Reproduce nothing beyond the line containing "轉發>>2026勞工領袖大學研習班<<即日起開放報名". From the first line of the data below down to it, copy each line exactly, without the pictures.

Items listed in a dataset
- - - -

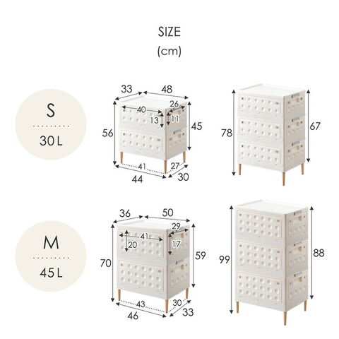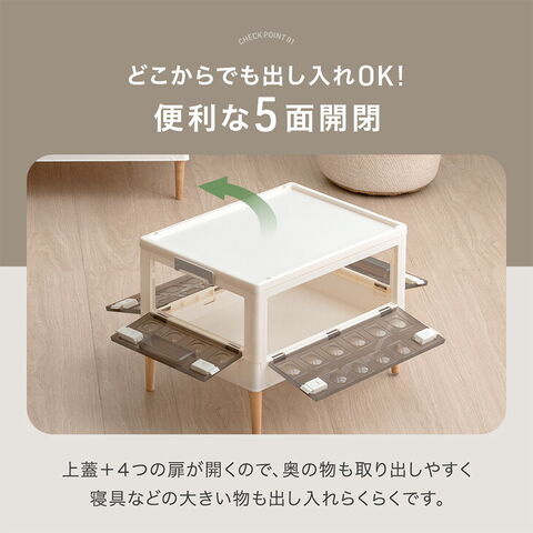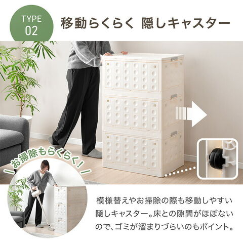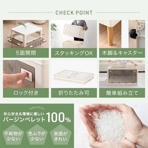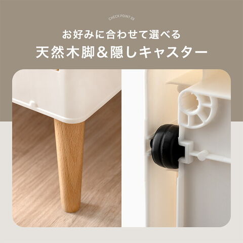 ・5面どこからでも出し入れOK! ・重ねて使えるスタッキング仕様 ・使わない時はコンパクトに折りたためる ・脚部はお好みに合わせて付け替え可 …お掃除ロボ対応 天然木脚 …移動らくらく隠しキャスター ・高品質&環境にやさしいバージンペレット100% ・安心のノンホルムアルデヒド |
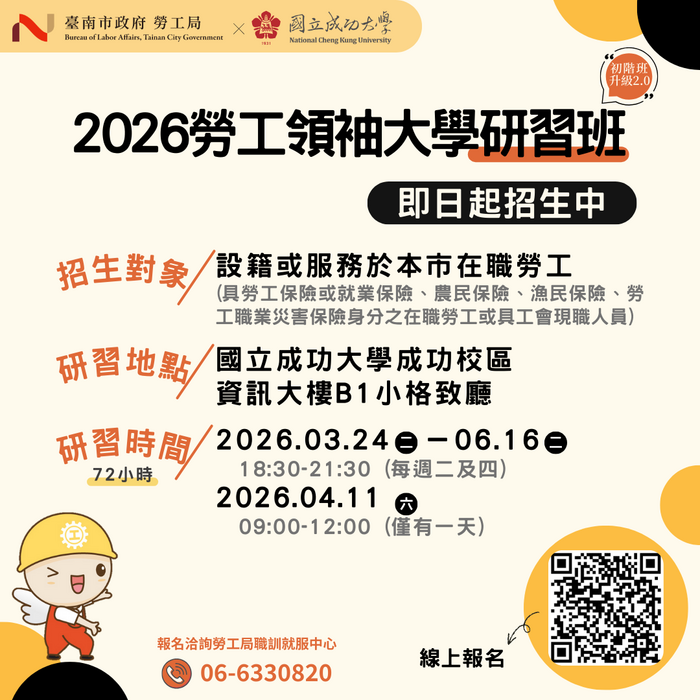 轉發>>2026勞工領袖大學研習班<<即日起開放報名
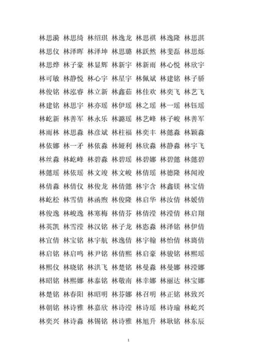 林姓是一个大姓,全国人口数量众多,每年诞生的男孩人数很多,因此给林姓的男孩取名字绝对是一个老大难的问题一个名字是会跟随着孩子的一生,很多父母都非常重视孩子的名字那么姓林的男孩到底应该如何取名呢?我们一起来看看林姓男孩的名字大全吧林姓男孩名字大全 01林朝汉 林宣蓦 林半松 林一珂 林。
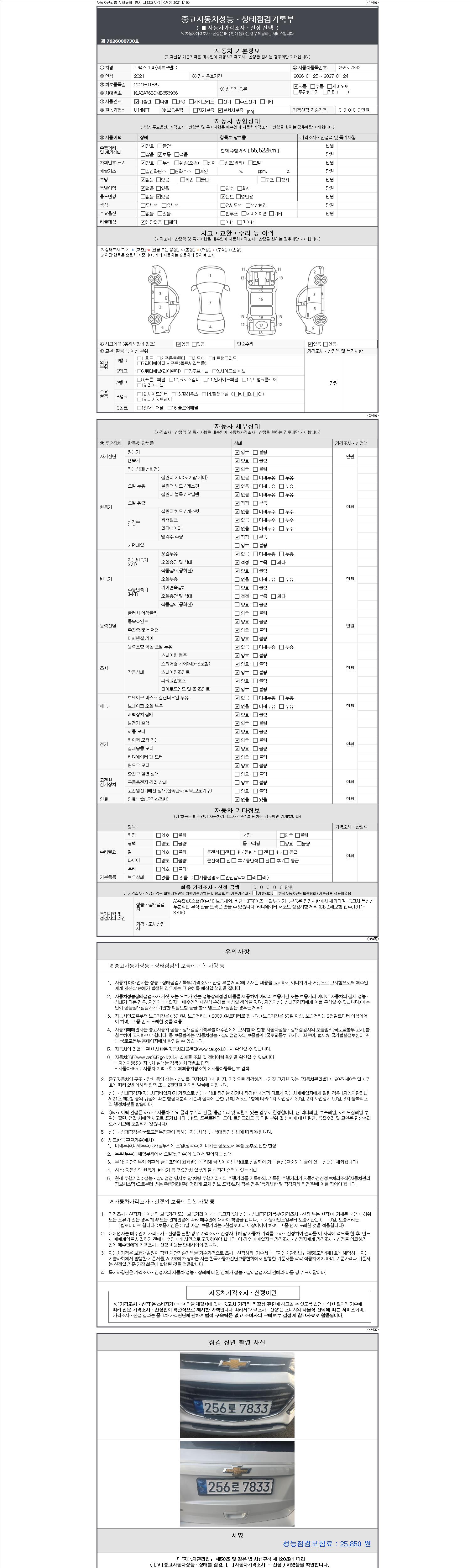 | 주행거리 | 55,522 km | 차량번호 | 256로7833 | 사고유무 | 성능기록부 참조 | 제시번호 | 제 2147483647 호 |
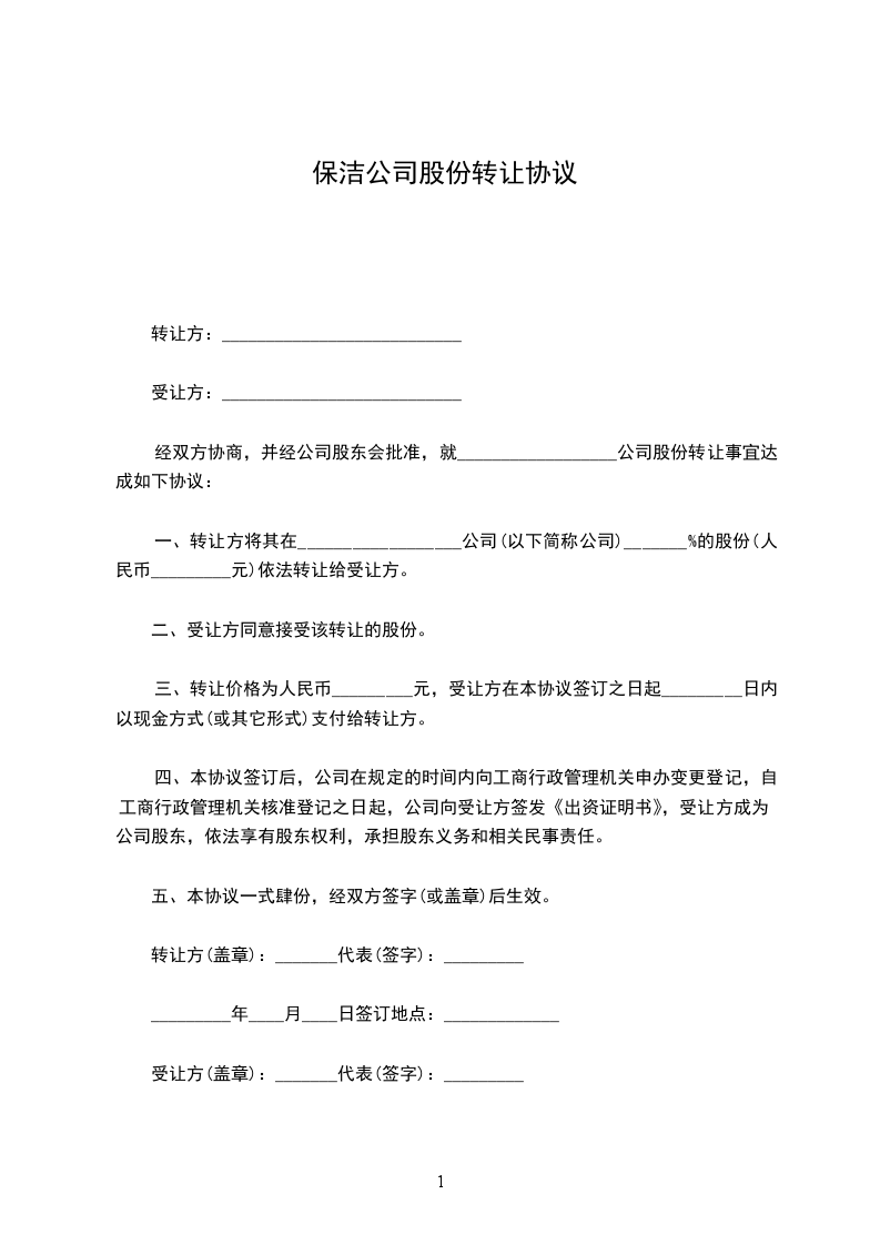 保洁公司股份出让协议书

- - - -

*Problem solution*:
 ・5面どこからでも出し入れOK! ・重ねて使えるスタッキング仕様 ・使わない時はコンパクトに折りたためる ・脚部はお好みに合わせて付け替え可 …お掃除ロボ対応 天然木脚 …移動らくらく隠しキャスター ・高品質&環境にやさしいバージンペレット100% ・安心のノンホルムアルデヒド |
 轉發>>2026勞工領袖大學研習班<<即日起開放報名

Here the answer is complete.